Murusidze is a judge of the Tbilisi Court of Appeals and a member of the High Council of Justice of Georgia (HCOJ), while Chinchaladze is the Chair of the Tbilisi Court of Appeals.
According to the statement, a total of 13 entries were added to the sanctions registry, subjecting them to an asset freeze. In other words, all accounts or other funds and economic resources based in the UK must be frozen, and UK citizens must ‘refrain from dealing with the funds or economic resources or making them available directly or indirectly to or for the benefit of designated persons’ unless a specific exception has been licensed.
In Wednesday’s statement, the UK’s Office of Financial Sanctions Implementation (OFSI) claimed that Chinchaladze and Murusidze are or have been ‘involved in serious corruption by engaging in serious corruption’.
According to the OFSI, both judges ‘received a financial advantage as a reward’ for ‘improperly performing’ their public functions, namely that they improperly asserted their influence in the Tbilisi Court of Appeals to ‘ensure that judicial appointments and decisions favoured the incumbent Georgian Dream party’.

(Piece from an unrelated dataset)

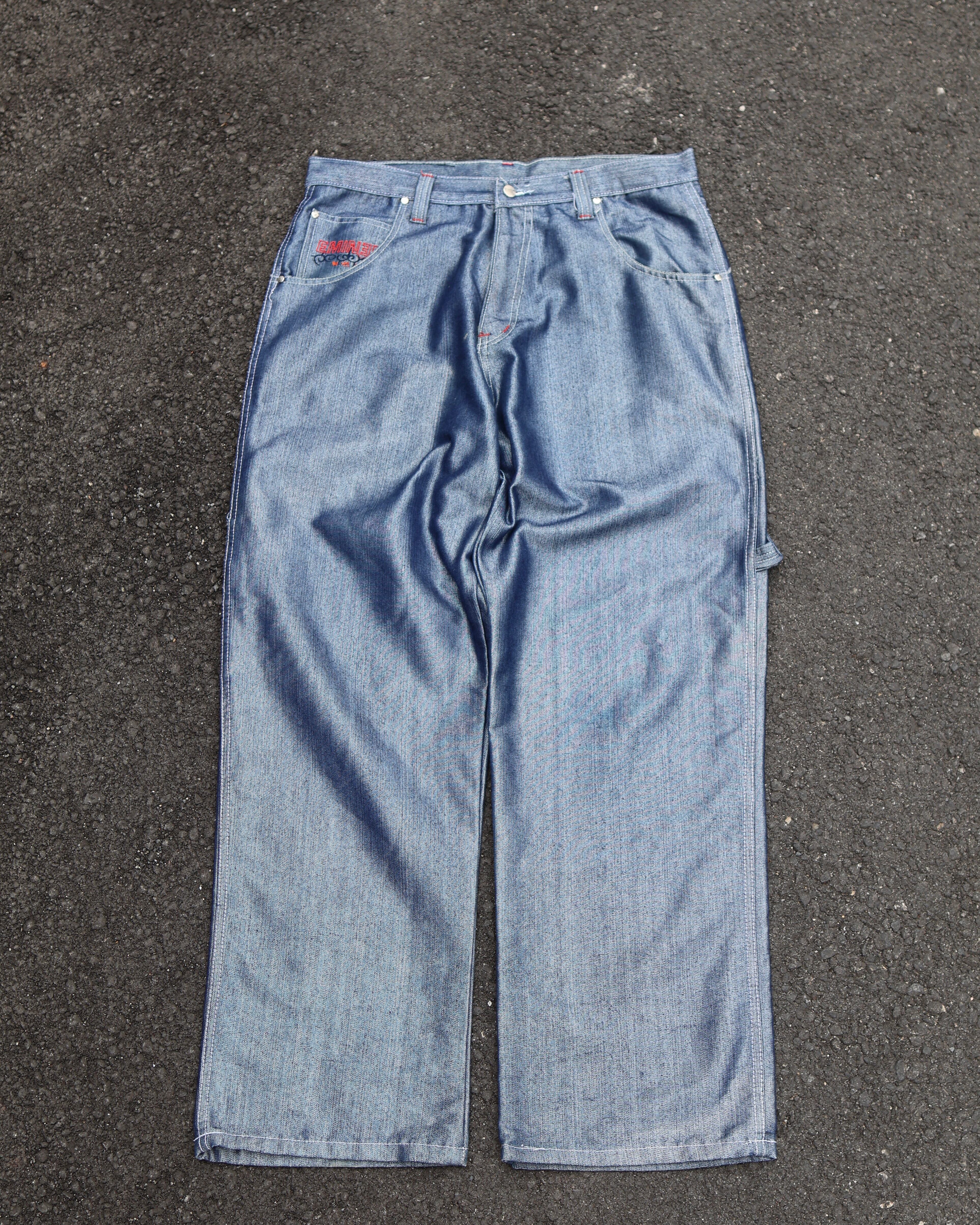 フロントにロゴデザインが入ったバギーデニム。

Chinchaladze and Murusidze both received life tenure in the Tbilisi Court of Appeals under Georgian Dream. Both have also been accused of possessing undisclosed wealth of unknown origin.
In April 2023, a number of Georgian judges, including Chinchaladze and Murusidze, were accused by the US State Department of ‘involvement in significant corruption’ and ‘undermining the rule of law’.
The judges and their immediate family members were subsequently banned from entering the US.
These sanctioned individuals were previously accused of being closely allied with the ruling Georgian Dream party, and of abusing their positions as members of the HCOJ.
The HCOJ is an independent agency responsible for overseeing the judiciary that has faced significant domestic criticism, including allegations that it is run by a ‘clan’ of judges allied with the government and has deliberately stalled judicial reforms.
In response to the criticism, the HCOJ in 2021 accused the US and EU of interfering in Georgia’s judicial independence.
Local watchdogs, and in the past, members of the ruling party, have long warned of the presence of the clan, dating back to the previous government under the United National Movement (UNM).
On Tuesday, Georgia’s fifth President Salome Zourabichvili provided evidence on ‘Russian disinformation’ during a Q&A hearing of the UK Parliament’s Foreign Affairs Committee.
In her testimony, given virtually over Zoom, Zourabichvili highlighted that currently in Georgia, ‘every day brings new repressive laws’, citing the restrictive media and civil society legislation passed in parliament that same day, noting that ‘practically everybody is in one way or another under the repressive laws’.